> **YOUR TASK**
The response should contain all of the data below, reproduced exactly, and no pictures.

> **STORED DATA**
───

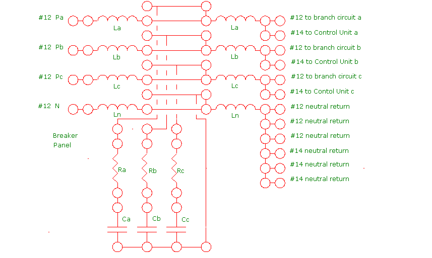 Hence, for a load consisting of 3 two lamp ballasts the Premium Circuit Filter reduces the noise voltage coupled from the circuit breaker panel electrical bus to the branch lighting circuit by a factor of .01256. For design purposes it is convenient to impose the requirement that there are always at least three two lamp ballasts connected to a branch lighting circuit.
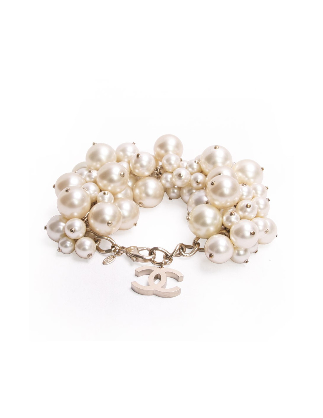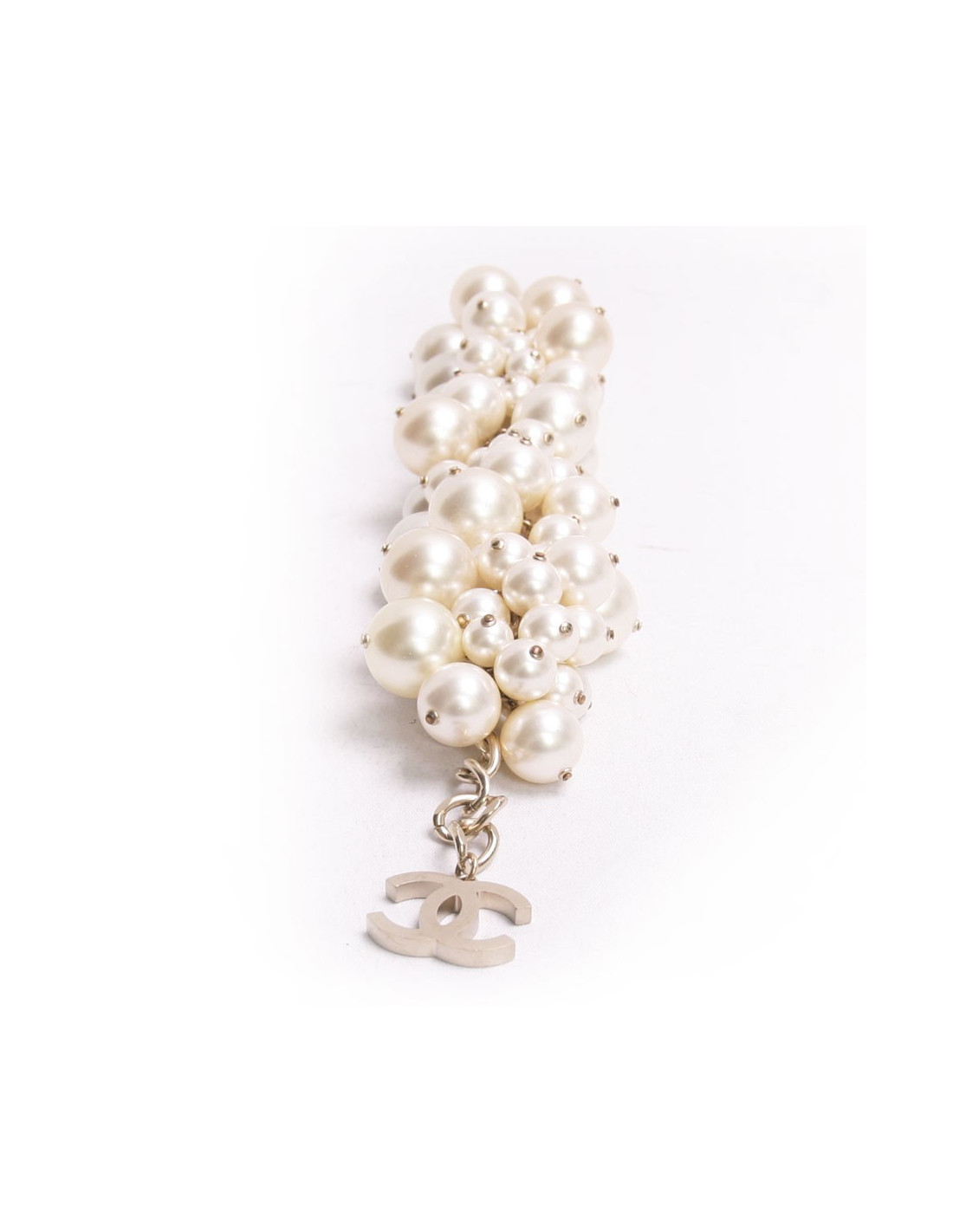 Magnifique et imposant bracelet en grosses perles nacrées Chanel. En très bon état malgré des toutes petites marques peu visibles , sur quelques perles. Diamètre des grosses perles : 2.3 cm - diamètre des perles moyennes 1.5 cm. la longueur du bracelet : 24 cm. Chaine dorée se terminant par un gros double C 3 cm x 2 cm.
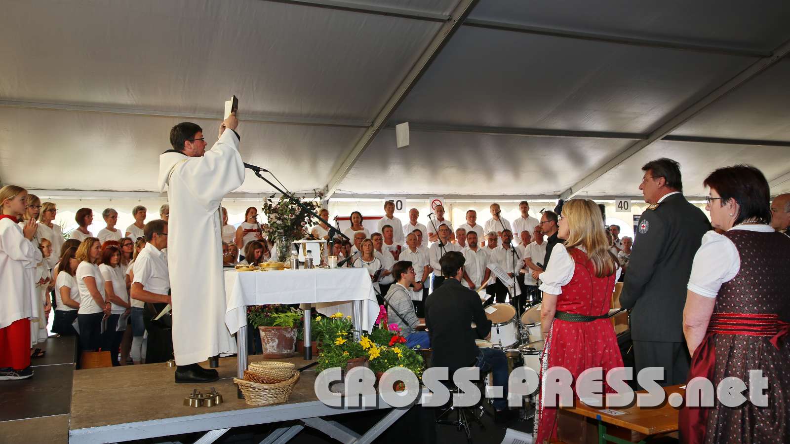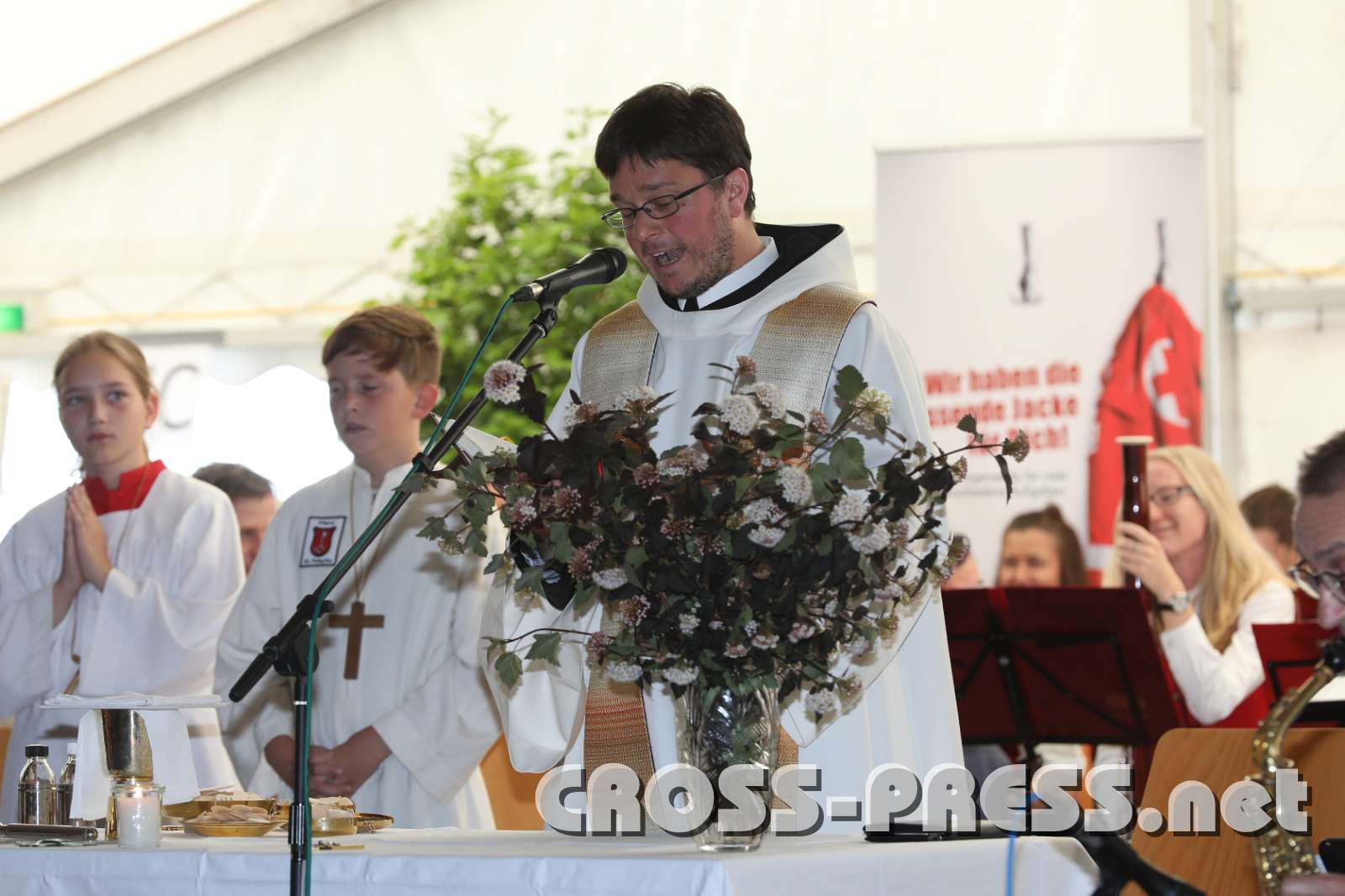 P. Florian Ehebruster zelebriert den Festgottesdienst im Zelt.

───

> **ANSWER BOX**
 Hence, for a load consisting of 3 two lamp ballasts the Premium Circuit Filter reduces the noise voltage coupled from the circuit breaker panel electrical bus to the branch lighting circuit by a factor of .01256. For design purposes it is convenient to impose the requirement that there are always at least three two lamp ballasts connected to a branch lighting circuit.
 Magnifique et imposant bracelet en grosses perles nacrées Chanel. En très bon état malgré des toutes petites marques peu visibles , sur quelques perles. Diamètre des grosses perles : 2.3 cm - diamètre des perles moyennes 1.5 cm. la longueur du bracelet : 24 cm. Chaine dorée se terminant par un gros double C 3 cm x 2 cm.
 P. Florian Ehebruster zelebriert den Festgottesdienst im Zelt.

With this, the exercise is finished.